¿Cómo puedo informar un error de seguridad, como usar contraseñas de texto sin formato, y obtener un resultado positivo? [duplicar]

5

Me parece que estoy haciendo esto mucho. Tal vez haya algo sobre colegios y universidades que contratan a firmas de webdev malas, pero he enviado un correo electrónico a 3 firmas diferentes para quejarme de que tienen contraseñas en texto simple.

Uno de ellos, UCAS tiene la mayoría de mis datos personales y se niega a reconocer que es malo que envíen tu correo electrónico. , contraseña y número de identificación en un correo electrónico no seguro cuando pasa por un formulario de "contraseña perdida".

Al final del día, quiero ayudar a las empresas a mejorar su software, por su propio bien y el mío, pero parece que muchos lo toman personalmente o como si estuviera desacreditando a la compañía cuando señalo un defecto.

Siempre enfatizo que informo que quiero solucionar el problema y que no tengo ninguna intención de explotarlo o compartir los detalles.

¿Qué puedo hacer para aumentar la probabilidad de un resultado exitoso en esta situación?

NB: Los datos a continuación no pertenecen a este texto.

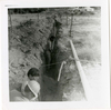 Pipe in ditch during the Watchman housing utility project. ; ZION Museum and Archives Image 006.04.13-7of17 ; ZION 15933

¿Es incluso mi lugar, como usuario del sistema, hacer este tipo de cosas?

    
pregunta jackweirdy 06.09.2013 - 19:08
fuente

1 respuesta

1

Cortésmente les enviaría un correo electrónico informándoles que ha descubierto una vulnerabilidad de seguridad (sé que ya lo ha hecho) y luego les mostraré pruebas (está capturando la información de sus amigos a través de wireshark, por ejemplo. Con el consentimiento informado de sus amigos parte) y una explicación educada de lo trivial que sería capturar información de cientos de estudiantes en el transcurso de un día, sin siquiera tener que sentarse frente a la computadora.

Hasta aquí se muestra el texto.